No it's because Qualcomm owns the LTE market. In order to sell a phone with LTE you have to buy a baseband from Qualcomm since they make the only capable LTE chips on the market. Qualcomm (i.e., it's foundries) have been capacity constrained for at least a year now so they can insist you buy their entire SoC with integrate LTE baseband if you want an LTE chip. (That's ignoring the fact that you usually have less power consumption if your baseband and SoC are on the same die.)
Samsung's latest Galaxy S3 now comes with Exynos quad core with LTE, so your information is outdated.
AMD management made some bad decisions, then got rid of all the people who argued against those decisions.
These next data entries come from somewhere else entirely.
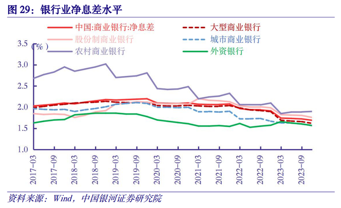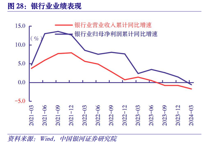 从业绩来看,受净息差持续收窄,以及手续费、佣金净收入等下滑影响,银行业2023年营业收入、归母净利润同比增速分别为-0.81%、1.44%,2024Q1营业收入、归母净利润同比增速分别为-1.73%、-0.61%,增速均呈下降趋势。在房贷利率处于下行通道的背景下,后续还需关注银行业净息差压力,特别是抗风险能力相对较弱的中小银行。
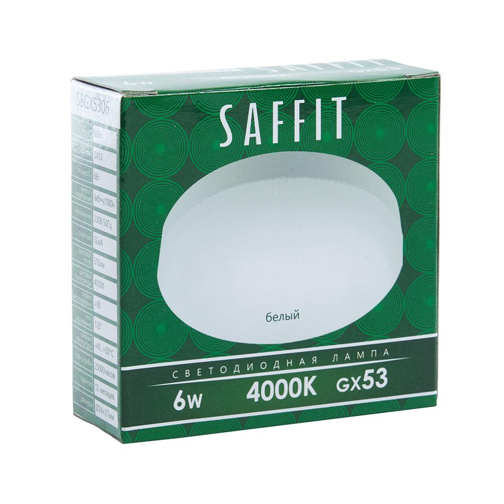 Лампа светодиодная SAFFIT SBGX5306, GX53 (таблетка), 6W 230V GX53 4000К (белый), рассеиватель матовый белый, 510Lm, угол рассеивания 120°, 26*74мм
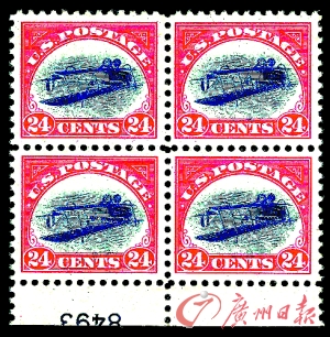 集郵界聞名遐邇的郵票“倒轉(zhuǎn)的珍妮”也在這次拍賣中賣出高價(jià)。這枚1918年發(fā)行的航空郵票面值24美分,由于郵票上的飛機(jī)圖案被印倒了,當(dāng)時(shí)只印制了100枚,因此十分珍貴。紐約州新羅謝爾的郵票經(jīng)銷商哈里·哈根多夫以38.8萬美元拍得這枚郵票。
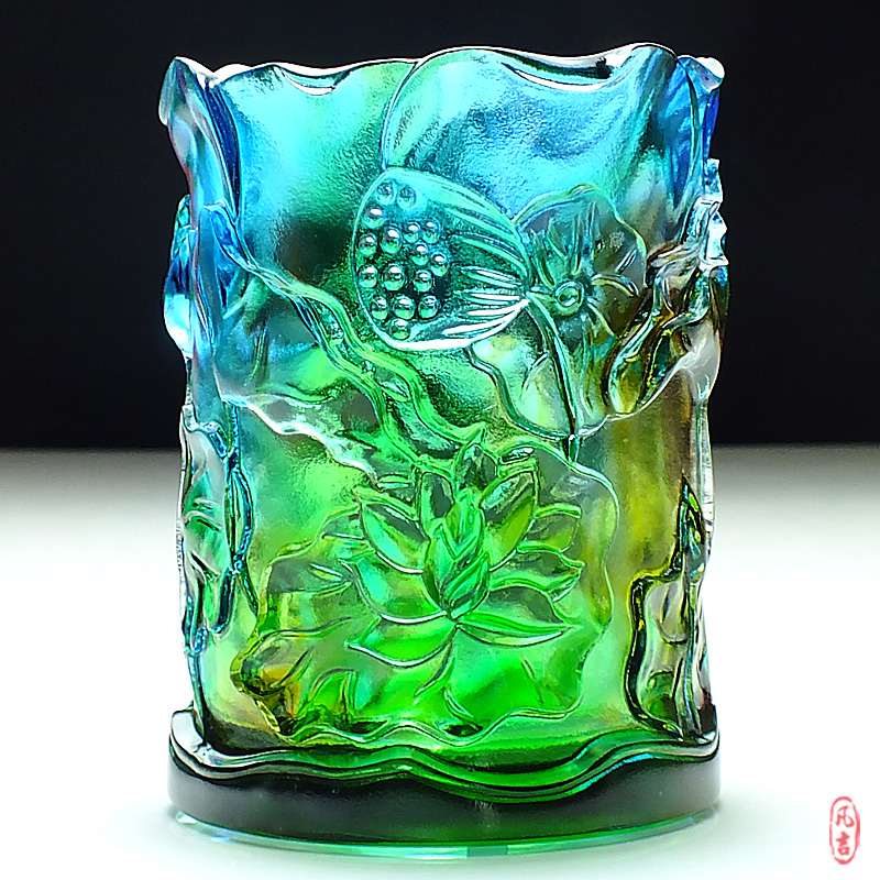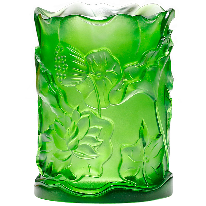 极速琉璃荷花饰品水晶笔筒摆件办公室展示柜书P桌女领导女生工艺
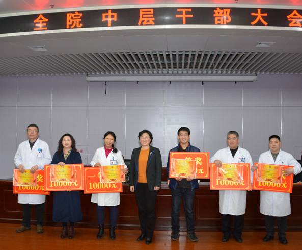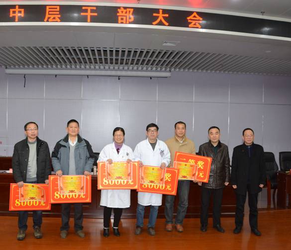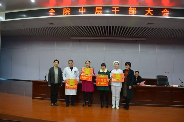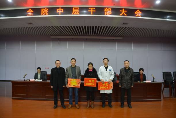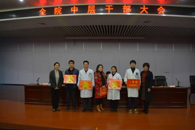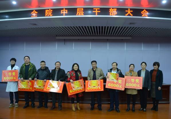 大会随后举行了颁奖仪式,院领导为获奖科室和人员颁发了奖状和奖金,并合影留念。
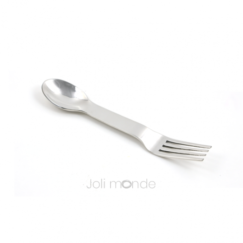 En inox 18/8 de haute qualité, cette fourchette-cuillère est résistante, ne rouille pas et peut être utilisée avec tous types d'aliments, même les plus acides (tomates, citron...).
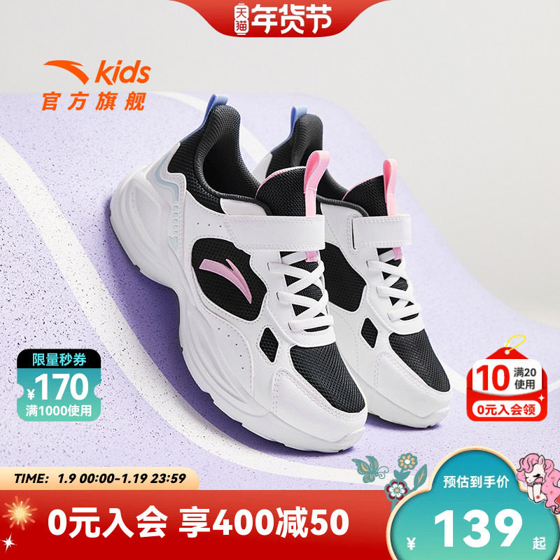 安踏儿童鞋女童运动鞋2026春季新款网面透气大童跑步鞋易弯折鞋
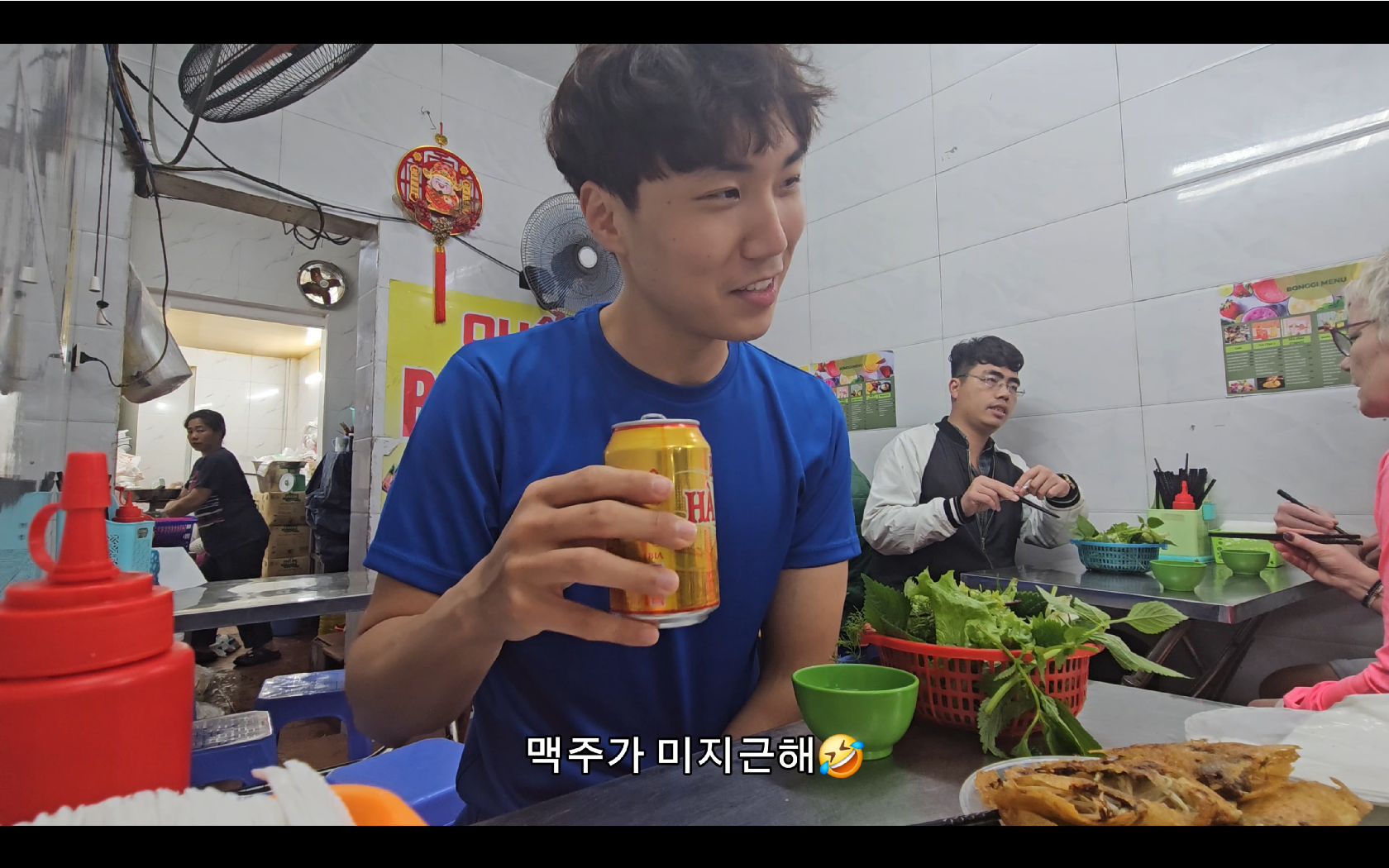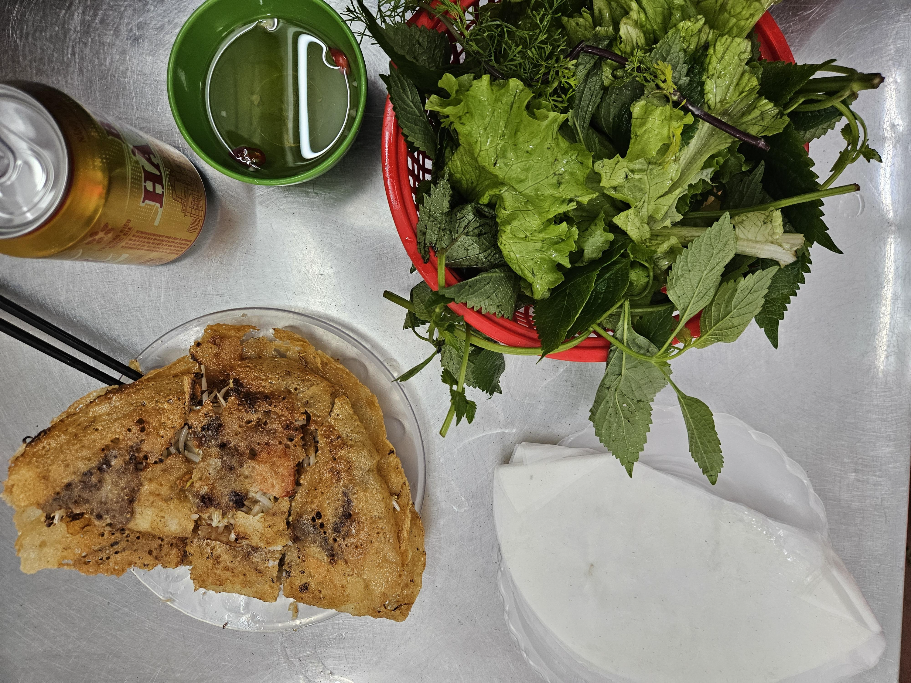 이런 모습으로 나온다. 반쎄오 외에도 다른것도 있는것 같다. 난 반쎄오랑 맥주만 시켰다. 튀김요리에 맥주는 못참지ㅋㅋㅋㅋ

Now they are going to cut costs by firing the engineers who could develop new products. It is now inevitable: AMD is doomed.
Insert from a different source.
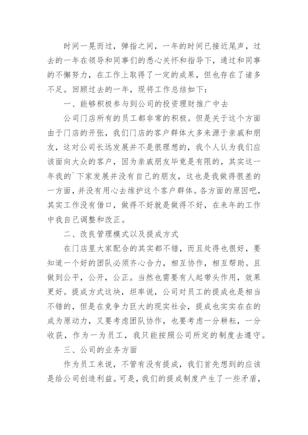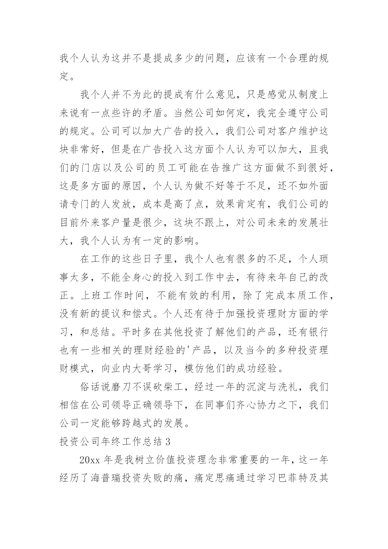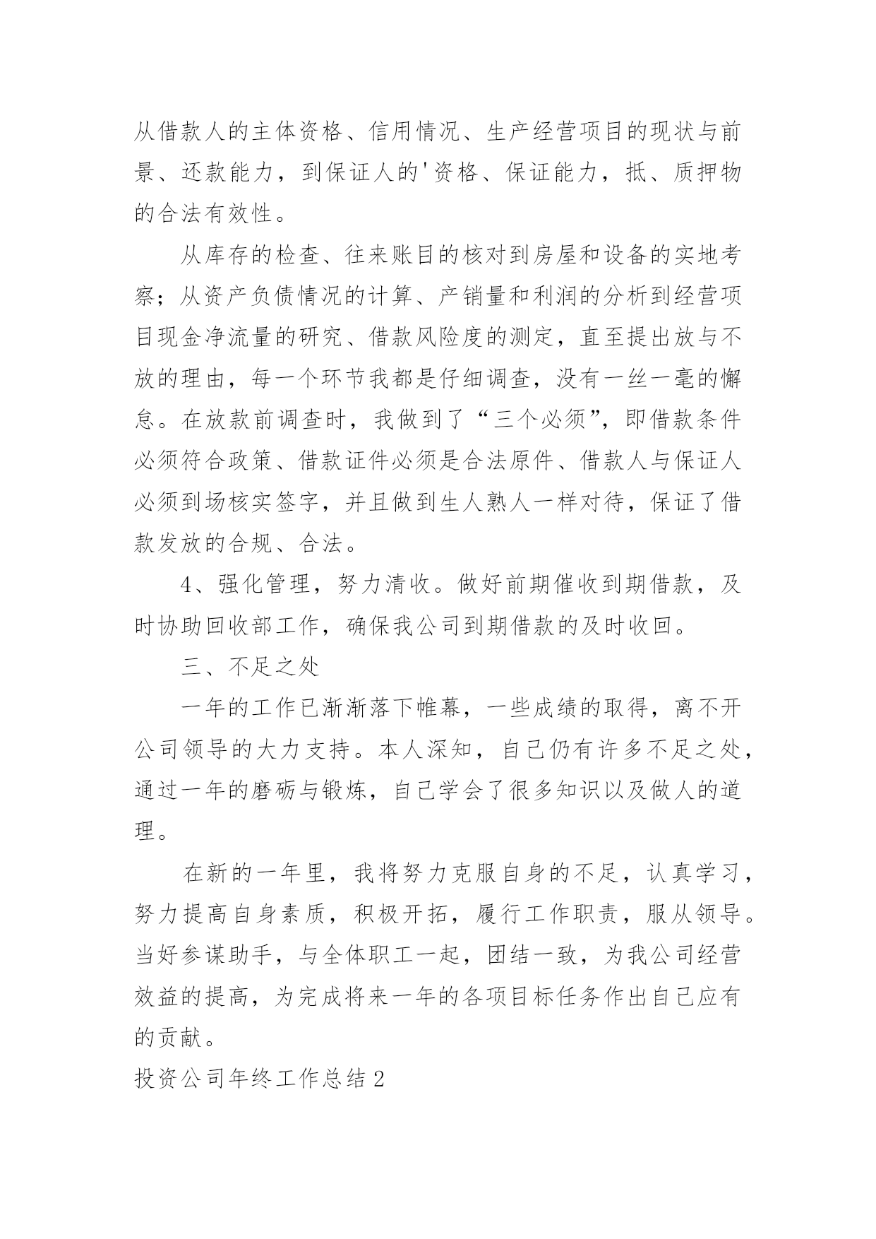 投资公司年终工作总结投资公司年终工作总结总结是对某一阶段的工作、学习或思想中的经验或情况进行分析研究的书面材料,它能够使头脑更加清醒,目标更加明确,为此我们要做好回顾,写好总结。总结怎么写才是正确的呢?下面是小编精心整理的投资公司年终工作总结,欢迎大家分享。投资公司年终工作总结1伴随着20xx年尾声的悄悄临近,我走上信贷员岗位一年多了,从刚开始对业务技能的不自信,到现在可以独自分析授信业务,真的是受益匪浅。回顾这一年的工作,在公司领导的关心及全体同事的帮助下,我认真学习业务知识和技能,积极主动地履行工作职责,及时总结工作中的不足,努力提高业务素质,较好地完成了个人的工作任务,在思想觉悟、业务素质、操作技能、优质服务方面都有了一定的提高。现将这一年的经历总结如下:一、人无论从事什么职业,都需要不断学习面对信贷员这个岗位,开始我还有些不自信。实地了解客户的基本情况、经营信息,调查掌握客户的居间借款用途、还款意愿,分析客户的还款能力等等,这些对于我来说,有很大难度。通过和领导沟通及自己思考总结。让我对放款业务工作有了新的认识,也增加了自己的信心。我深深感觉到只从实践中学习是不够的,还需要理论知识的补充,于是我积极利用工余时间加强金融理论及业务知识的学习,各种学习资料能够融会贯通,学以致用,业余时间,翻看金融书籍,参考成功信贷案例。不断充实自己。通过实践中的经验积累、专业化的培训和自学,我渐渐地掌握了贷款业务和操作流程。业务工作能力、综合分析能力、协调办事能力、文字语言表达能力等方面,都有了很大的提高。二、认真遵守规章制度,积极主动地开展业务1、团结守纪,为提高经营效益尽心尽力。一年来,我与同事们团结一致,服从领导的安排,积极主动地做好本职工作。2、强化意识,积极主动。慢慢接触居间借款工作后,我不断强化自己贷款营销的意识,破除“惧贷”的思想,寻求效益好的客户,在保证信贷资产质量的前提下,主动做好客户的市场调查,对于那些有市场、讲信用的个体工商户给予借款支持。对于以恐吓手段申请借款的,免谈,一律不办。原因很简单,他不会为贷不到款而使用卑劣手段。但如果你给他放了借款,到期收不回起诉,他在压力下可能会做出意向不到的事情。现在拒绝申请借款面临的风险,远小于以后还不上面临的风险。3、坚持借款原则,做好借款调查。我深知:信贷资产的质量事关我公司经营发展大计,责任重于泰山,丝毫马虎不得。一年来,坚持对每一笔借款都一丝不苟地认真调查,从借款人的主体资格、信用情况、生产经营项目的现状与前景、还款能力,到保证人的'资格、保证能力,抵、质押物的合法有效性。从库存的检查、往来账目的核对到房屋和设备的实地考察;从资产负债情况的计算、产销量和利润的分析到经营项目现金净流量的研究、借款风险度的测定,直至提出放与不放的理由,每一个环节我都是仔细调查,没有一丝一毫的懈怠。在放款前调查时,我做到了“三个必须”,即借款条件必须符合政策、借款证件必须是合法原件、借款人与保证人必须到场核实签字,并且做到生人熟人一样对待,保证了借款发放的合规、合法。4、强化管理,努力清收。做好前期催收到期借款,及时协助回收部工作,确保我公司到期借款的及时收回。三、不足之处一年的工作已渐渐落下帷幕,一些成绩的取得,离不开公司领导的大力支持。本人深知,自己仍有许多不足之处,通过一年的磨砺与锻炼,自己学会了很多知识以及做人的道理。在新的一年里,我将努力克服自身的不足,认真学习,努力提高自身素质,积极开拓,履行工作职责,服从领导。当好参谋助手,与全体职工一起,团结一致,为我公司经营效益的提高,为完成将来一年的各项目标任务作出自己应有的贡献。投资公司年终工作总结2时间一晃而过,弹指之间,一年的时间已接近尾声,过去的一年在领导和同事们的悉心关怀和指导下,通过和同事的不懈努力,在工作上取得了一定的成果,但也存在了诸多不足。回顾过去的一年,现将工作总结如下:一、能够积极参与到公司的投资理财推广中去公司门店所有的员工都非常的积极。但是关于这个方面由于门店的开张,我们门店的客户群体大多来源于亲戚和朋友,这对公司长远发展并不是很理想的,我个人认为我们应该面向大众的客户,因为亲戚朋友毕竟是有限的,其实这一年我的`下家发展并没有自己的朋友,这也是我做得很差的一方面,并没有用心去维护这个客户群体。各方面的原因吧,其实工作没有借口,做得不好就是做得不好,在来年的工作中我自己调整和改正。二、改良管理模式以及提成方式在门店里大家配合的其实都不错,而且处得也很好,要知道一个好的团队必须齐心合力,相互协作,相互帮助。且做到公平,公开,公正。当然也需要有人起带头作用,效果更好。提成方式这块,坦率说,公司对员工的提成也是相当不错的,但是在竞争力巨大的现实社会,提成也实实在在的成为原动力,又要考虑团队协作,也要考虑一分耕耘,一分收获

"Unless the entire board and their puppets are removed in the next week or two, the little chance AMD has now will vanish. There is no up side here."
AMD's layoffs target engineering -- Board incompetence dooms the company
"AMD senior management, or (mis)management, as we are now calling them, have delayed the roadmap past the critical point. Project Win was survivable, barely. The churn of technical talent made things worse, far worse, and put the company at the breaking point. Layoffs sapped confidence, and senior management was negligent in not messaging a damn thing to those who mattered internally and externally. The cuts that will follow ensure that the plans in place are not achievable, and SemiAccurate can not see AMD surviving at this point."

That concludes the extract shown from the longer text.